Gary and I just returned from visiting my daughters and their families, a trip I had been looking forward to all summer long. It is difficult living 12 or more hours away, and not being able to be a regular part of each other's lives in a natural give and take fashion. The distance means that our time together is "all or nothing". We share meals and space and time, which is wonderful on the one hand, and yet it can also be a bit much if we stay too long. Remember Ben Franklin's adage that fish and guests begin to stink after three days? Well, we push that limit, mostly because it takes so long to get there, but our hosts are wonderfully understanding.

Each time we visit, I long for an easier way to be closer. I take stock of the landscape as we drive, asking myself if I could live there, if I would be happy there. Maybe I could be, but I already have a life that I love, a place that I call home. Almost thirty years ago, when I moved to Vermont I felt my roots grow deep down into the soil here. 

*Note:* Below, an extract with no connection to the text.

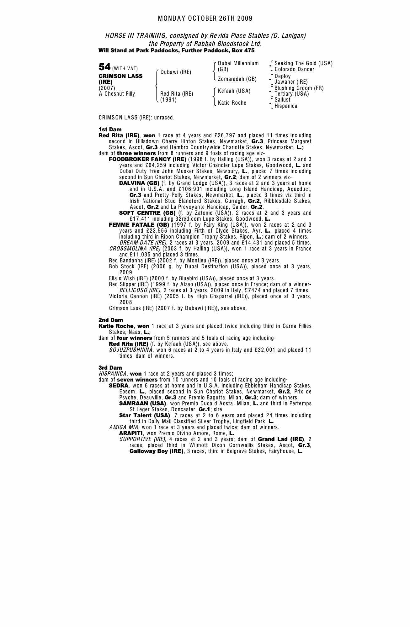 October Yearling Sale, Book 1 2006 lot 427 F. by High Chaparral (IRE) 2005, Voute Sales Ltd. (Agent)=>Lot Not Sold 30,000 gns

Every time I cross the border back into Vermont it happens. It is a physical response that reminds me I am home. A speaker came to the small town where I live once, soon after we had moved here and said, "when you think about home, it doesn't matter where you were born. What matters is where you plan to live out your days. Where you plan to die." That felt true to me, someone the locally born folks were wont to call a "flatlander." I might have been born somewhere else, but this is my true home.

My history makes it all the more complicated that I miss my daughters so deeply. All I can figure out is that my heart must have more than one home. Putting truth to that, tomorrow Gary and I will drive up to Maine, anticipating a week on an island that also claims a piece of my heart, an island that also feels like home to me. My sense of home there has to do with the ocean and trails through pine forests, with glorious sunsets and growing friendships. 

Truth be told, I often feel like I have left little bits of me here and there. Parts of me stay here in Vermont full time, while bits of me hunker down in other places that have touched my heart, and, of course there will always be parts that hang around with those whom I love. Maybe that is just the way it is when home is made up of several places, and people too?